Referee: Once again this Saturday QPR have a referee for the very first time with James Linington travelling up from the Isle of Wight to take charge of this one assisted by linesmen by the names of Rock and Rowley would you believe. This is only Linington’s second ever Championship match following Watford’s 3-0 home win against Burnley last season.

Links >>> Dean Sturridge Memorial Injury List >>> Arthur Gnohere Discipline Counter >>> Tony’ Championship Preview >>> Linington ready to Rock and Rowley >>> Referee League

Form
QPR: Rangers drew at Loftus Road on day one against Blackpool, and needed a flukey late goal from Peter Ramage just to do that. Since then they have won one, drawn one and lost one in three away games down in the south west against Exeter, Plymouth and Bristol City respectively. QPR have had more shots one and off target than any other team in the division in the opening three league matches but have so far only scored two Championship goals and, again, one of those was an unintentional one from a full back. Once again it looks like scoring goals is going to be the key problem for a side that failed to do so on 23 occasions last year and drew 0-0 on 11 different occasions. Nobody has won at Loftus Road since Norwich's smash and grab raid in March eight games ago - nine if you count the 3-0 pre-season success against Southampton.

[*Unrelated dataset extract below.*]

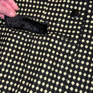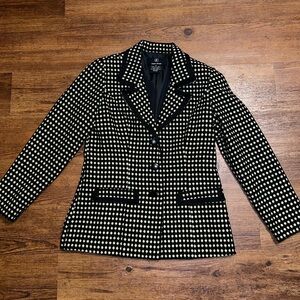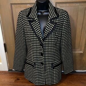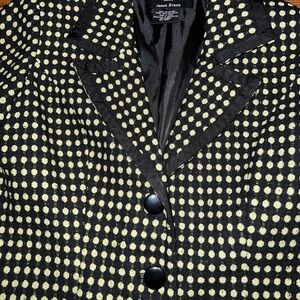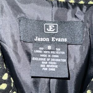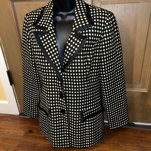 Jason Evans black with green polka dot pattern long sleeve blazer with front flap pockets and 3 front buttons and shoulder padding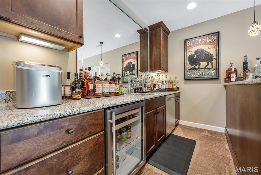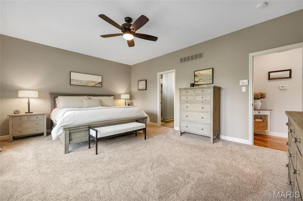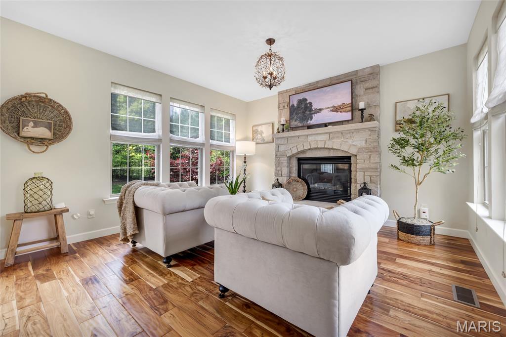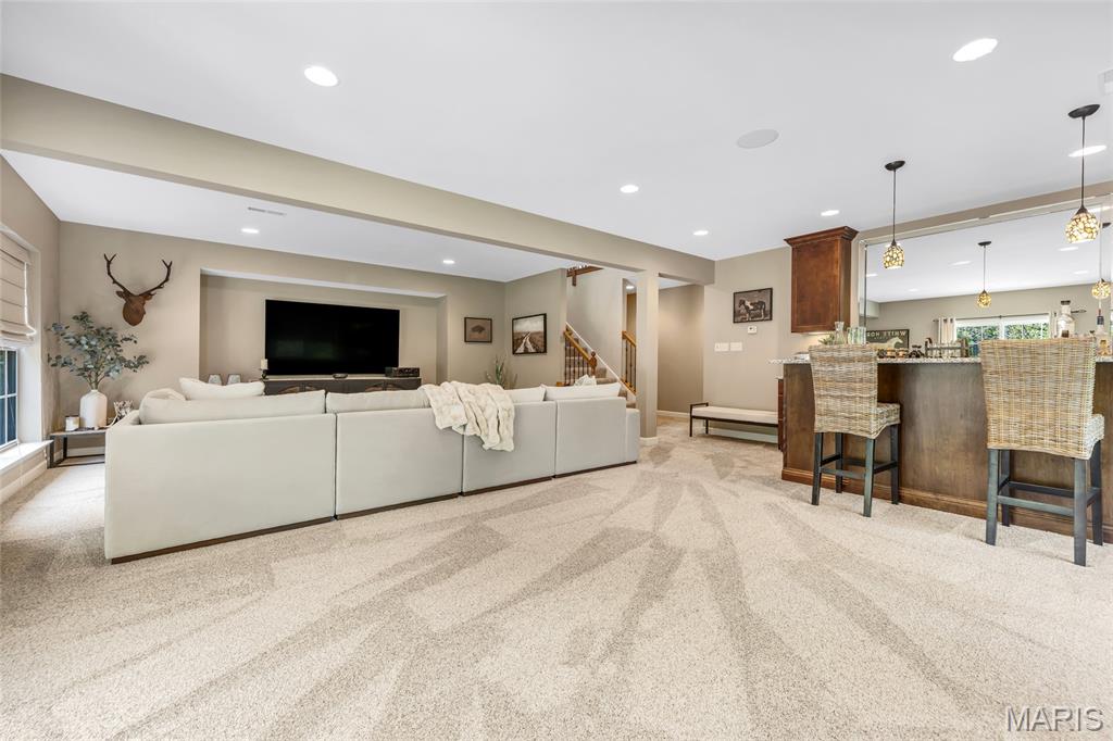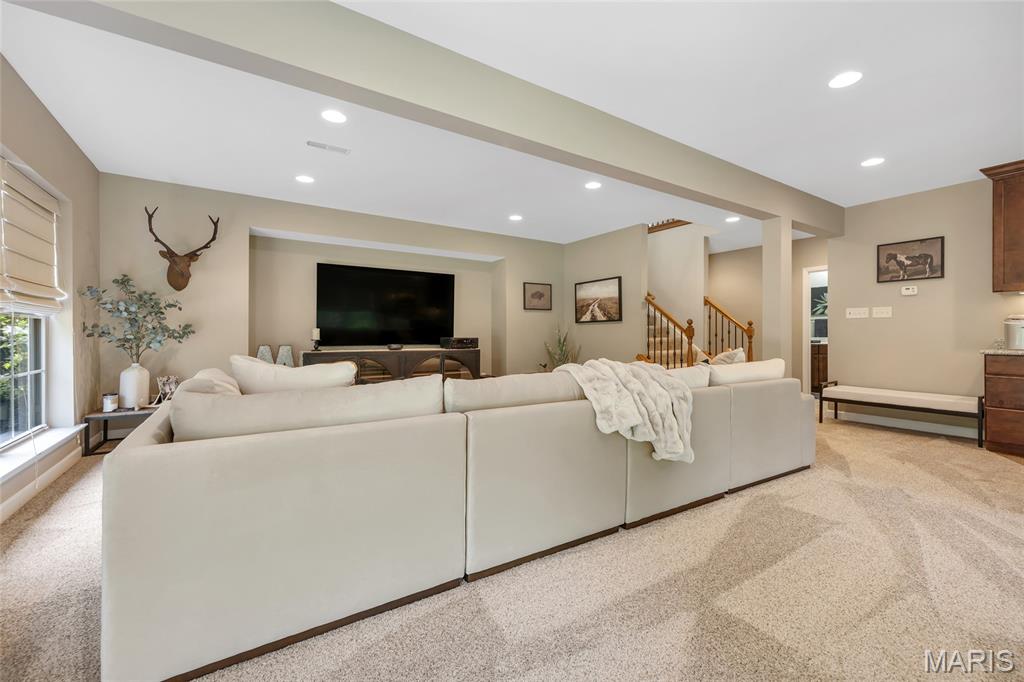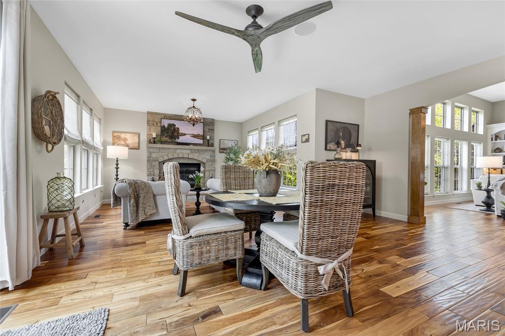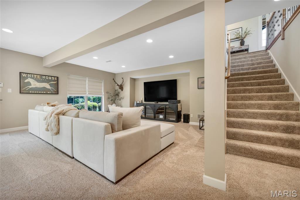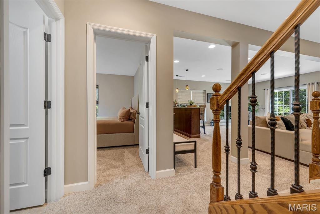 Welcome to 1707 Shepard Road. Experience refined living in this stunning Fischer & Fritchel 4 bedroom, 3.5 bath ranch nestled on 3.09 private acres with 4,000 sq. ft. of beautifully finished living space. From the moment you arrive, the stately curb appeal sets the tone for the thoughtful design within. The foyer features rich hardwoods that expand throughout the home and opens to a formal dining room distinguished by wood beamed columns, while the expansive great room boasts custom entertainment center and built-in speakers and abundant natural light flowing through the vast window wall. The open concept chef’s kitchen impresses with a generous center island, stainless steel appliances, double wall ovens, stone counters, high end cabinetry and a walk in pantry, seamlessly connecting to the breakfast room with deck access, and a warm hearth room anchored by a stone gas fireplace. The primary suite is a luxe retreat with spacious, dual walk in closets, double vanities and a substantial, spa like tiled shower. Two additional bedrooms serviced by a full bath, large mudroom with laundry and a powder room complete the main level. The walk out lower level is ideal for entertaining and features a large family room, a full wet bar, as well as a guest bedroom with walk in closet, full bath, home gym area and ample unfinished space for storage or additional expansion. Enjoy the secluded, tree lined backyard while relaxing on the platform deck or lower patio area. An oversized, side entry 3 car garage, pristine landscaping, partially fenced yard and lawn irrigation completes this exceptional home. With upscale finishes throughout and every detail carefully considered, this meticulous residence offers comfort, luxury and location. Fabulous opportunity within the award winning Rockwood School District.

Nottingham Forest: Despite being tipped as play off dark horses by LFW prior to the start of the season Forest, like ourselves, are still looking for a first league win of the season. Like us they won comfortably in the League Cup first round, beating Bradford City 3-0, but following a goalless draw at Reading on day one they have been well beaten at home by Watford and narrowly defeated on their own patch by West Brom. They won just five times on the road last season and are without an away win in six attempts - although the last four have been draws.

Prediction: A draw looks to be the most likely result here to me as well. Both teams were tipped for better things than their current league positions suggest and neither will want to lose this game. Defeat for QPR, especially if either Blackstock or Camp play well, will put an end to the much calmer, more relaxed atmosphere round the QPR fans in the first few games once and for all. If QPR keep playing the way they are somebody will get a good hiding sooner or later, and it might well be Forest, but the lack of a clinical goal scorer means that consistently, over the course of a season, we're likely to see many more missed opportunities and frustrating draws at the end of great build up play and attractive performances.